> [Task statement]
Pictures aside, output each record exactly.

##### Available data

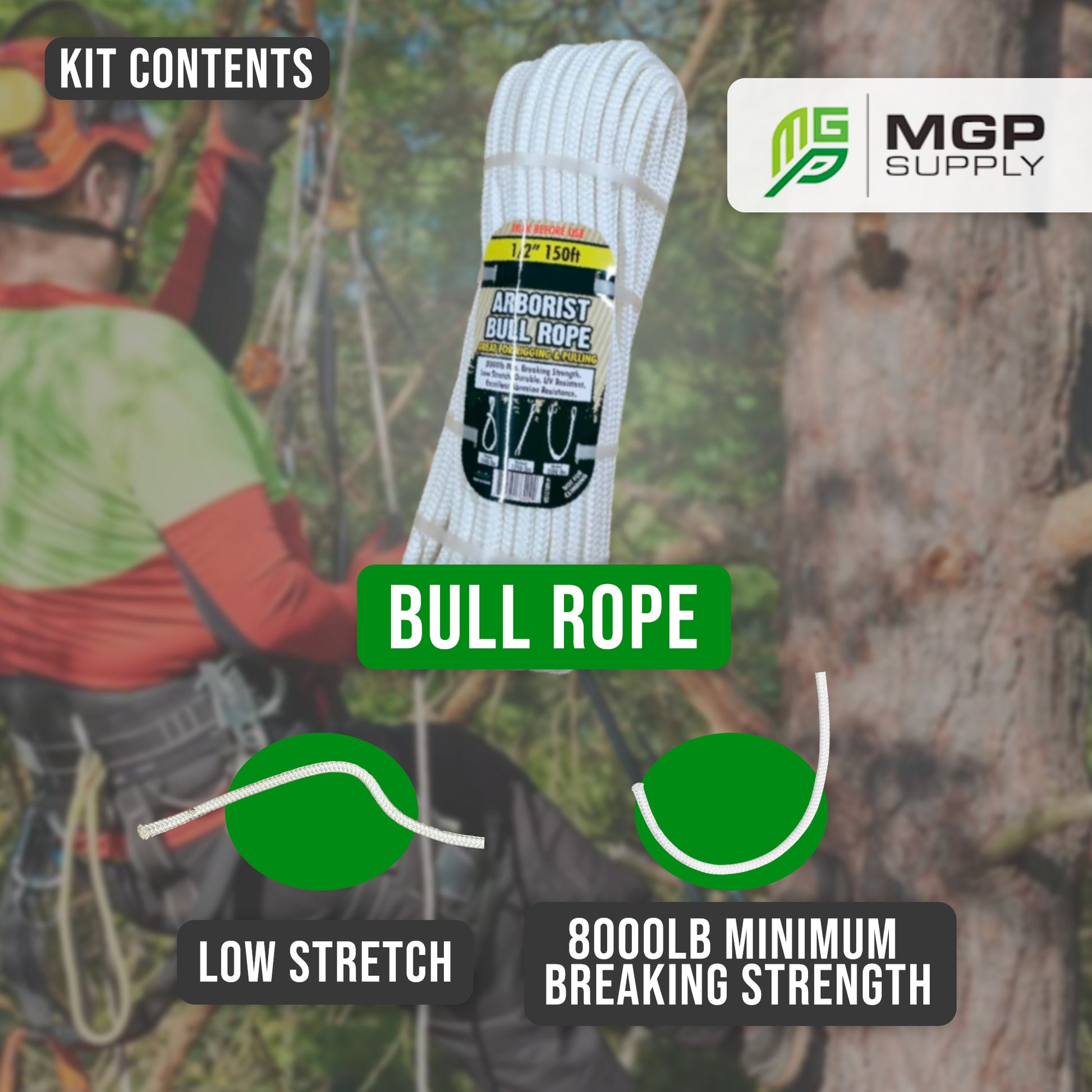 1/2IN X 150FT ARBORIST BULL ROPE - Low stretch, 8000lb minimum breaking strength, UV & abrasion resistant.
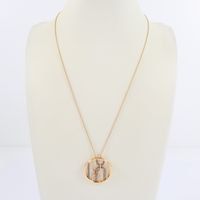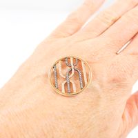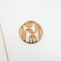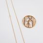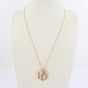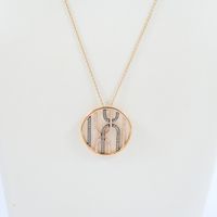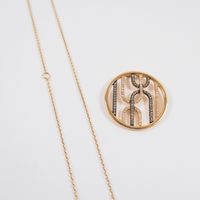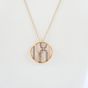 Pendentif circulaire : en or rose 750 mil. à décor géométrique serti de diamants taille 8/8 (diamètre : 2,6 cm) 5,3 g. brut ; INDYGO : Collier en or rose 750 mil. à maillons forçat rond (longueur réglable : 45 et 60 cm). Signé. Poids brut total : 7,6 g.
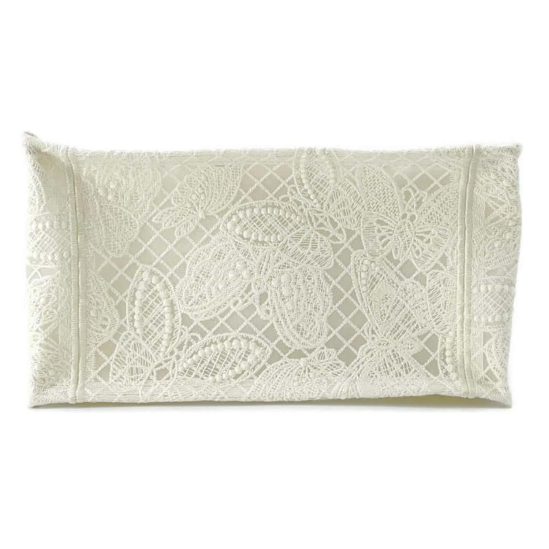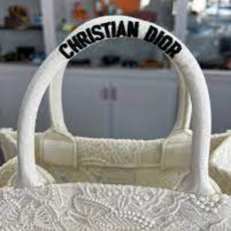Este bolso de Christian Dior presenta un encantador diseño de bordado de mariposa en un material de lona blanca.
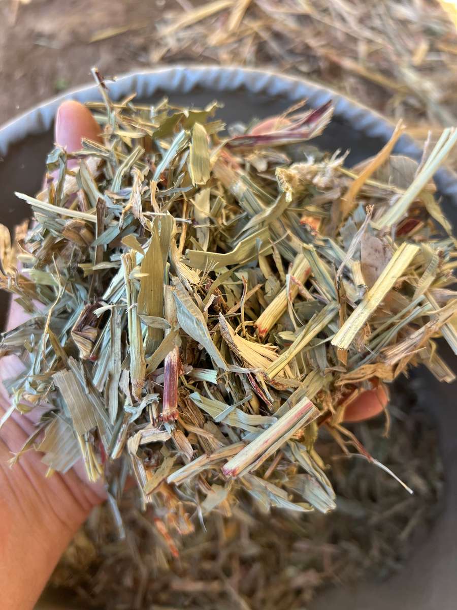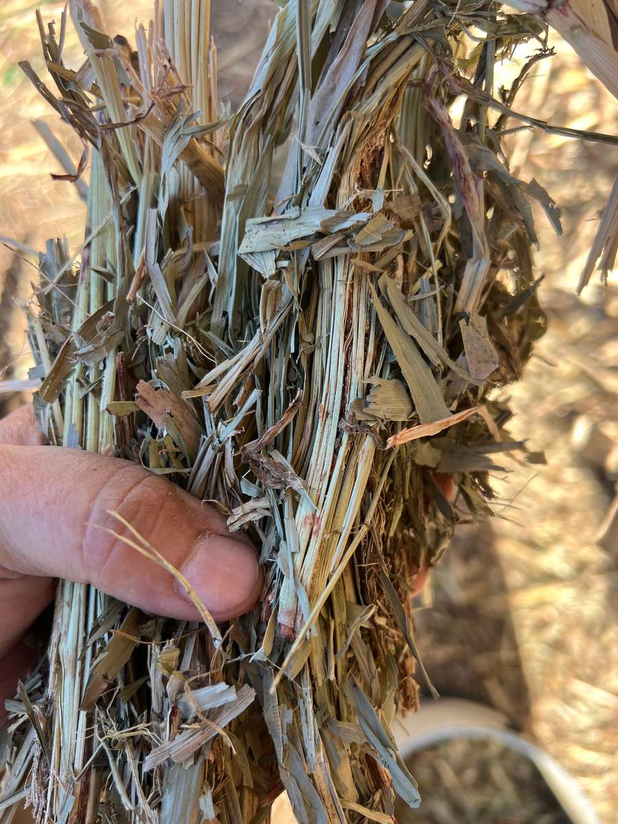 Nice line of shedded forage sorghum, colour and aroma with good leaf retention.
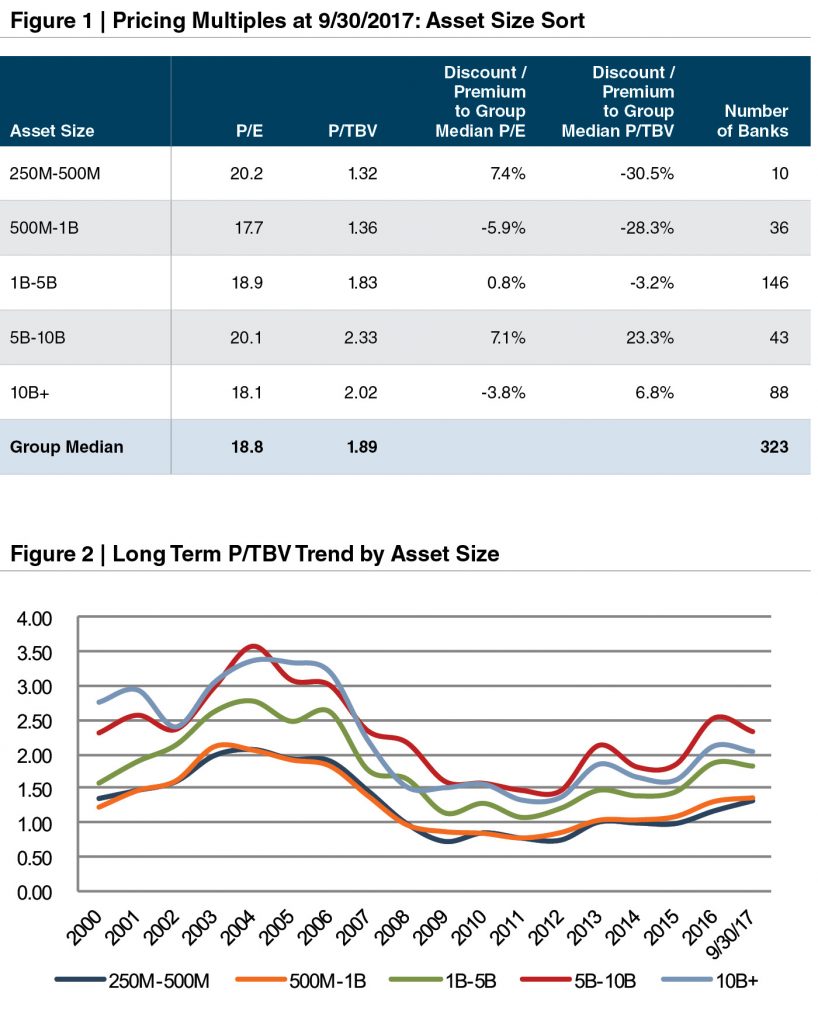 Size differentials generally encompass a range of underlying considerations regarding financial and market diversity. A larger asset base generally implies a broader economic reach and oftentimes a more diverse revenue stream which can help to mitigate harmful effects of unforeseen events that may adversely affect a certain geographic market or industry. Furthermore, larger banks tend to have access to more metropolitan markets which have better growth prospects relative to more rural markets. Figures 1 and 2 on the next page illustrate that, to a point, larger size typically plays a role in value, as measured by price / tangible book value multiples. The sweet spot for asset size seems to be between $5 and $10 billion in total assets. Banks in this category traded at the highest P/TBV multiple as of September 30, 2017 and have generally outperformed all other asset size groups over the long term.
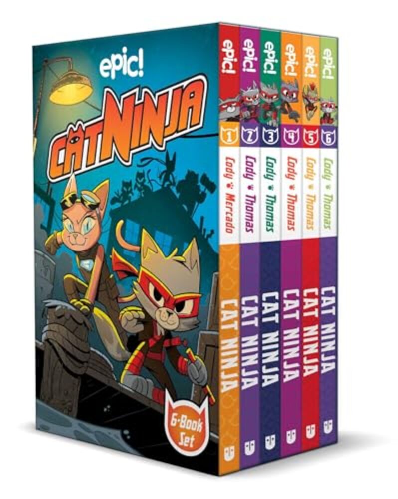 Dive whiskers-first into the bestselling graphic novel series about a new breed of superhero! In this action-packed box set, join Cat Ninja and his friends as he faces a variety of challenges, from scheming villains to babysitting and boredom. Raised from a kitten by a kindly old ninja master, Claude now spends his days as the pampered house cat of an eleven-year-old boy. But when trouble arises, he dons his mask and springs into action as Cat Ninja--Metro City's secret protector! Follow Cat Ninja, Master Hamster, and a colorful cast of friends and foes in this box set containing the full 6-book series! Book 1: Cat Ninja Follow our feline hero's early exploits as he tries to keep his secret identity under wraps while thwarting the evil plans of slimy crooks, rampaging robots, and a certain rodent nemesis who lives under the same roof! Book 2: Time Heist When Leon brings a mystery egg home from school, Cat Ninja and Master Hamster face their biggest challenge yet: babysitting! And while they're pretty sure they can keep an egg out of trouble, they know they're in over their heads when that egg hatches into a high-energy ball of feathers and cuteness. It's baby's first superhero adventure when they decide to bring their newest family member along as they uncover the identity--and nefarious motives--of Metro City's latest foe. Book 3: Wanted Metro City's favorites and newcomers in tales that include a nearly cat-astrophic case of stolen identity, the not-so-villainous adventures of Master Hamster, and Adonis's first mission as one of the good guys. Enjoy six stand-alone stories, plus a five-part Cat Ninja special miniseries! Book 4: Welcome to the 'Burbs When Dad buys a new house outside the city, the kids are less than excited about new neighbors, backyard barbecues, and quiet, tree-lined streets. And they're not alone--a summer in the suburbs is enough to make Cat Ninja miss the villains of Metro City! Our hero and his family feel like fish out of water when they arrive in Peaceful Valley, but it won't be long before Dad's new neighborhood reveals its scaly, golden underbelly. Book 5: Cat's Claw When a notorious band of ninjas discovers a certain Metro City hero wearing their colors and practicing their Kat Fu, their leader sets out to settle an old score. Plus, a nocturnal ninja flaps into town, Octopunch puts up his dukes (all eight of 'em!), Adonis plays hero, Master Hamster's creative kitchen repairs end with a scorching surprise, and our favorite frenemies-against-the-odds compete in the villainous Vroomin' Race! Book 6: Heart of a Hero It's nonstop crime time in Metro City, and the hero the city needs is...Octopunch? Even an eight-armed avenger can't keep the streets safe by himself, though, so Cat Ninja's spending all his time catching crooks--and no time curled up with his family. When he realizes that Leon needs him more than Metro City does, it might be time to hang up the nunchucks. But with a brand-new baddie kidnapping every pest and pet in town, can our hero really afford to cat nap?
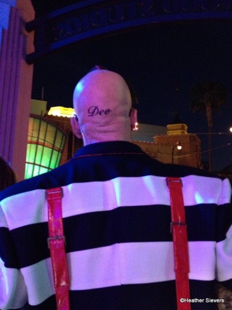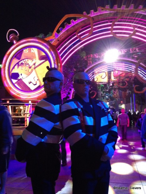 While waiting for the Rabbit Hole to open, which basically meant walking though a long tunnel of mist, Tweedle Dee and Tweedle Dum greeted guests and put on a little banter to entertain us while we waited. I wonder if these guys shaved their heads for the part?
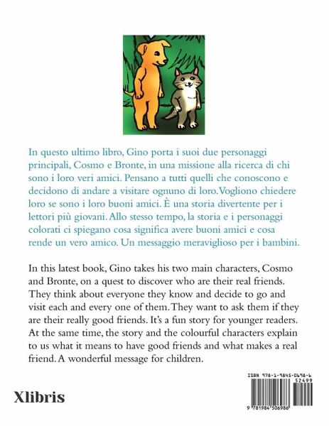 "Amici" is all about knowing who our real friends are. The two main characters, Cosmo and Bronte are on a quest to discover who are their real friends. They think about everyone they know and decide to go and visit each and everyone of them. They want to ask them if they are their really good friends. It's a fun story for young readers written in both English and in Italian. At the same time the story and the colourful characters explain to the reader what it means to have good friends and what makes a good friend. It's a wonderful message for children. "Amici" è tutto di sapere chi sono i nostri veri amici. I due personaggi principali, Cosmo e Bronte, sono in missione per scoprire chi sono i loro veri amici. Pensano a tutti quelli che conoscono e decidono di andare a visitare ognuno di loro. Vogliono chiedere loro se sono i loro buoni amici. È una storia divertente per i lettori più giovani scritta sia in inglese che in italiano. Allo stesso tempo, la storia e i personaggi colorati spiegano al lettore cosa significa avere buoni amici e cosa rende un buon amico. Un messaggio meraviglioso per i bambini.
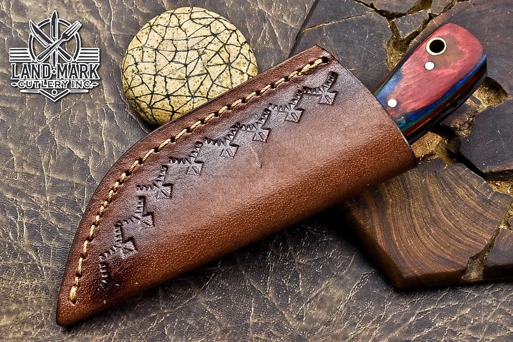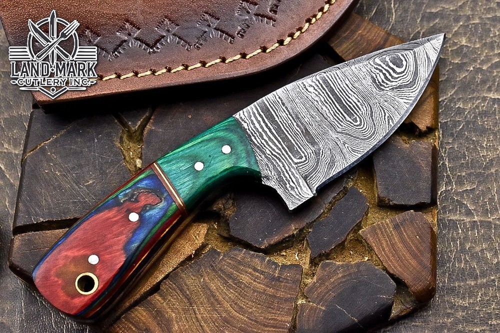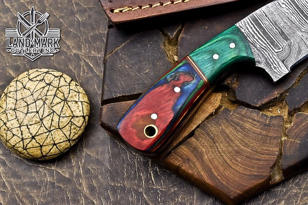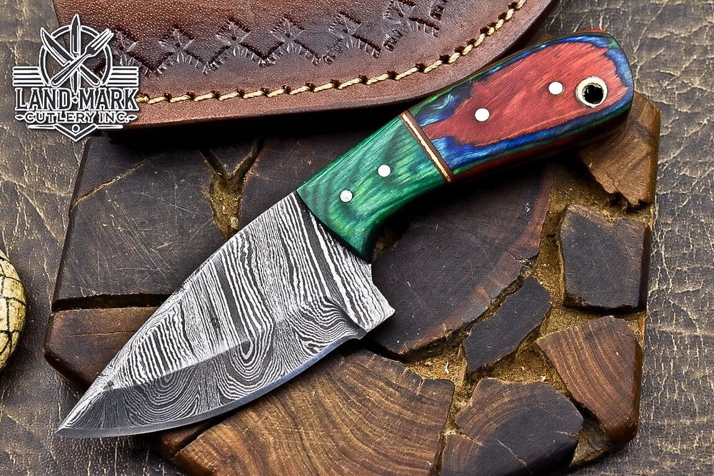 Custom Hand Made DAMASCUS STEEL HUNTING KNIFE WITH PAKKA WOOD HANDLE We offer a shipping discount for More then one purchased . And discount will be apply on combine invoice, Discount will not apply on separate payment. ITEM DETAILS OVER ALL LENGTH 3.0 inches long (Approx) HANDLE LENGTH 1.5 inches long (Approx) BLADE LENGTH 1.5 inches long (Approx) BLADE HARDNESS 58-60 HRC Which Holds The Sharp Edge For Long Time. HANDLE PAKKA WOOD COVER LEATHER SHEATH This Awesome custom made KNIFE has a nice hand forged with the combination of 4340 & 1080 steel. HOW OUR DAMASCUS IS MADE: All our Damascus is real and not just an acid etch. Damascus is a mixture of 1080HC and 4340 nickel carbon. You heat them up together and then fold the bar over and over to get the desired layers, ours are 396 layers. Then you burn the blade in acid, and it turns the nickel satin color and the high carbon turns blackish gray. This is how the layers are exposed to show the layers of the new steel created coined "Damascus". All Damascus is acid etched to show the layers. If you high polish the metal it will be shinny satin like all steels. Only after you burn the sides of the blade with acid do you see the layers of the two steels. Makes sense? After we make our knives we high polish the handles and put an edge on the blade. The high polishing buffs off the acid burned layer of the handle, and the blade edge is sharpened and the acid burned edge becomes satin. You can re-burn the tang of the blade near the handles and the edge of the blade and it will show the layers once more. All our knives are hand made, durable and unique ***** YOU WILL RECEIVED THE SAME KNIFE Qality Standards Our Damascus blades are made from high quality non-stainless steels which rival or exceed any Damascus blade made from the 10 series with 4340. Our Damascus combination has taken years to perfect and has been tested under a variety of application which will offer professional performance in categories of toughness, strength (lateral stress) and edge honing and holding ability. In a 5 spot Rockwell test our blades will average near or close to 58 which offers a perfect balances between its toughness and strength.Our blades due to carbon content need to be regularly treated with wax and/or 3 in 1 oil to maintain its superior quality. Questions if you have any question feel free to send us message we aim to answer all questions within 24 hours Feedback If you are not satisfied with our service please contact us before leaving any negative or natural feedback. We will resolve all issues as quickly as possible. Disclaimer We are not responsible for any injuries associated with the use of our tools. Our products are intended for legal use only by responsible buyers. Therefore, we will not sell our products to anyone under the age of 18. Before bidding please check your country laws as some countries Custom don't allow this. If your purchase is held by Custom Authorities in your country/State we will not be responsible for that and no refund will be issued Shipping We offer a 20% shipping discount for More then one purchased . And discount will be apply on combine invoice, Discount will not apply on separate payment We ship within 24 hours after receiving complete payment but this can be delayed due to week ends or Governments and Religious Festivals . . This is beyond our control and we apologize for this inconvenience. Precautions Our Tools are very sharp so open and use them very carefully We are not responsible for any injuries associated with the use of our tools Tips to Care knife 1. NEVER STORE YOUR KNIFE FOR LONG TIME IN LEATHER SHEATH. 2. LEATHER CAN ABSORB WATER, WHICH WILL RUST THE KNIFE. 3. ALWAYS CLEAN THE BLADE AFTER USING WITH OIL OR WAX

##########

> [Exercise response]
 1/2IN X 150FT ARBORIST BULL ROPE - Low stretch, 8000lb minimum breaking strength, UV & abrasion resistant.
 Pendentif circulaire : en or rose 750 mil. à décor géométrique serti de diamants taille 8/8 (diamètre : 2,6 cm) 5,3 g. brut ; INDYGO : Collier en or rose 750 mil. à maillons forçat rond (longueur réglable : 45 et 60 cm). Signé. Poids brut total : 7,6 g.
Este bolso de Christian Dior presenta un encantador diseño de bordado de mariposa en un material de lona blanca.
 Nice line of shedded forage sorghum, colour and aroma with good leaf retention.
 Size differentials generally encompass a range of underlying considerations regarding financial and market diversity. A larger asset base generally implies a broader economic reach and oftentimes a more diverse revenue stream which can help to mitigate harmful effects of unforeseen events that may adversely affect a certain geographic market or industry. Furthermore, larger banks tend to have access to more metropolitan markets which have better growth prospects relative to more rural markets. Figures 1 and 2 on the next page illustrate that, to a point, larger size typically plays a role in value, as measured by price / tangible book value multiples. The sweet spot for asset size seems to be between $5 and $10 billion in total assets. Banks in this category traded at the highest P/TBV multiple as of September 30, 2017 and have generally outperformed all other asset size groups over the long term.
 Dive whiskers-first into the bestselling graphic novel series about a new breed of superhero! In this action-packed box set, join Cat Ninja and his friends as he faces a variety of challenges, from scheming villains to babysitting and boredom. Raised from a kitten by a kindly old ninja master, Claude now spends his days as the pampered house cat of an eleven-year-old boy. But when trouble arises, he dons his mask and springs into action as Cat Ninja--Metro City's secret protector! Follow Cat Ninja, Master Hamster, and a colorful cast of friends and foes in this box set containing the full 6-book series! Book 1: Cat Ninja Follow our feline hero's early exploits as he tries to keep his secret identity under wraps while thwarting the evil plans of slimy crooks, rampaging robots, and a certain rodent nemesis who lives under the same roof! Book 2: Time Heist When Leon brings a mystery egg home from school, Cat Ninja and Master Hamster face their biggest challenge yet: babysitting! And while they're pretty sure they can keep an egg out of trouble, they know they're in over their heads when that egg hatches into a high-energy ball of feathers and cuteness. It's baby's first superhero adventure when they decide to bring their newest family member along as they uncover the identity--and nefarious motives--of Metro City's latest foe. Book 3: Wanted Metro City's favorites and newcomers in tales that include a nearly cat-astrophic case of stolen identity, the not-so-villainous adventures of Master Hamster, and Adonis's first mission as one of the good guys. Enjoy six stand-alone stories, plus a five-part Cat Ninja special miniseries! Book 4: Welcome to the 'Burbs When Dad buys a new house outside the city, the kids are less than excited about new neighbors, backyard barbecues, and quiet, tree-lined streets. And they're not alone--a summer in the suburbs is enough to make Cat Ninja miss the villains of Metro City! Our hero and his family feel like fish out of water when they arrive in Peaceful Valley, but it won't be long before Dad's new neighborhood reveals its scaly, golden underbelly. Book 5: Cat's Claw When a notorious band of ninjas discovers a certain Metro City hero wearing their colors and practicing their Kat Fu, their leader sets out to settle an old score. Plus, a nocturnal ninja flaps into town, Octopunch puts up his dukes (all eight of 'em!), Adonis plays hero, Master Hamster's creative kitchen repairs end with a scorching surprise, and our favorite frenemies-against-the-odds compete in the villainous Vroomin' Race! Book 6: Heart of a Hero It's nonstop crime time in Metro City, and the hero the city needs is...Octopunch? Even an eight-armed avenger can't keep the streets safe by himself, though, so Cat Ninja's spending all his time catching crooks--and no time curled up with his family. When he realizes that Leon needs him more than Metro City does, it might be time to hang up the nunchucks. But with a brand-new baddie kidnapping every pest and pet in town, can our hero really afford to cat nap?
 While waiting for the Rabbit Hole to open, which basically meant walking though a long tunnel of mist, Tweedle Dee and Tweedle Dum greeted guests and put on a little banter to entertain us while we waited. I wonder if these guys shaved their heads for the part?
 "Amici" is all about knowing who our real friends are. The two main characters, Cosmo and Bronte are on a quest to discover who are their real friends. They think about everyone they know and decide to go and visit each and everyone of them. They want to ask them if they are their really good friends. It's a fun story for young readers written in both English and in Italian. At the same time the story and the colourful characters explain to the reader what it means to have good friends and what makes a good friend. It's a wonderful message for children. "Amici" è tutto di sapere chi sono i nostri veri amici. I due personaggi principali, Cosmo e Bronte, sono in missione per scoprire chi sono i loro veri amici. Pensano a tutti quelli che conoscono e decidono di andare a visitare ognuno di loro. Vogliono chiedere loro se sono i loro buoni amici. È una storia divertente per i lettori più giovani scritta sia in inglese che in italiano. Allo stesso tempo, la storia e i personaggi colorati spiegano al lettore cosa significa avere buoni amici e cosa rende un buon amico. Un messaggio meraviglioso per i bambini.
 Custom Hand Made DAMASCUS STEEL HUNTING KNIFE WITH PAKKA WOOD HANDLE We offer a shipping discount for More then one purchased . And discount will be apply on combine invoice, Discount will not apply on separate payment. ITEM DETAILS OVER ALL LENGTH 3.0 inches long (Approx) HANDLE LENGTH 1.5 inches long (Approx) BLADE LENGTH 1.5 inches long (Approx) BLADE HARDNESS 58-60 HRC Which Holds The Sharp Edge For Long Time. HANDLE PAKKA WOOD COVER LEATHER SHEATH This Awesome custom made KNIFE has a nice hand forged with the combination of 4340 & 1080 steel. HOW OUR DAMASCUS IS MADE: All our Damascus is real and not just an acid etch. Damascus is a mixture of 1080HC and 4340 nickel carbon. You heat them up together and then fold the bar over and over to get the desired layers, ours are 396 layers. Then you burn the blade in acid, and it turns the nickel satin color and the high carbon turns blackish gray. This is how the layers are exposed to show the layers of the new steel created coined "Damascus". All Damascus is acid etched to show the layers. If you high polish the metal it will be shinny satin like all steels. Only after you burn the sides of the blade with acid do you see the layers of the two steels. Makes sense? After we make our knives we high polish the handles and put an edge on the blade. The high polishing buffs off the acid burned layer of the handle, and the blade edge is sharpened and the acid burned edge becomes satin. You can re-burn the tang of the blade near the handles and the edge of the blade and it will show the layers once more. All our knives are hand made, durable and unique ***** YOU WILL RECEIVED THE SAME KNIFE Qality Standards Our Damascus blades are made from high quality non-stainless steels which rival or exceed any Damascus blade made from the 10 series with 4340. Our Damascus combination has taken years to perfect and has been tested under a variety of application which will offer professional performance in categories of toughness, strength (lateral stress) and edge honing and holding ability. In a 5 spot Rockwell test our blades will average near or close to 58 which offers a perfect balances between its toughness and strength.Our blades due to carbon content need to be regularly treated with wax and/or 3 in 1 oil to maintain its superior quality. Questions if you have any question feel free to send us message we aim to answer all questions within 24 hours Feedback If you are not satisfied with our service please contact us before leaving any negative or natural feedback. We will resolve all issues as quickly as possible. Disclaimer We are not responsible for any injuries associated with the use of our tools. Our products are intended for legal use only by responsible buyers. Therefore, we will not sell our products to anyone under the age of 18. Before bidding please check your country laws as some countries Custom don't allow this. If your purchase is held by Custom Authorities in your country/State we will not be responsible for that and no refund will be issued Shipping We offer a 20% shipping discount for More then one purchased . And discount will be apply on combine invoice, Discount will not apply on separate payment We ship within 24 hours after receiving complete payment but this can be delayed due to week ends or Governments and Religious Festivals . . This is beyond our control and we apologize for this inconvenience. Precautions Our Tools are very sharp so open and use them very carefully We are not responsible for any injuries associated with the use of our tools Tips to Care knife 1. NEVER STORE YOUR KNIFE FOR LONG TIME IN LEATHER SHEATH. 2. LEATHER CAN ABSORB WATER, WHICH WILL RUST THE KNIFE. 3. ALWAYS CLEAN THE BLADE AFTER USING WITH OIL OR WAX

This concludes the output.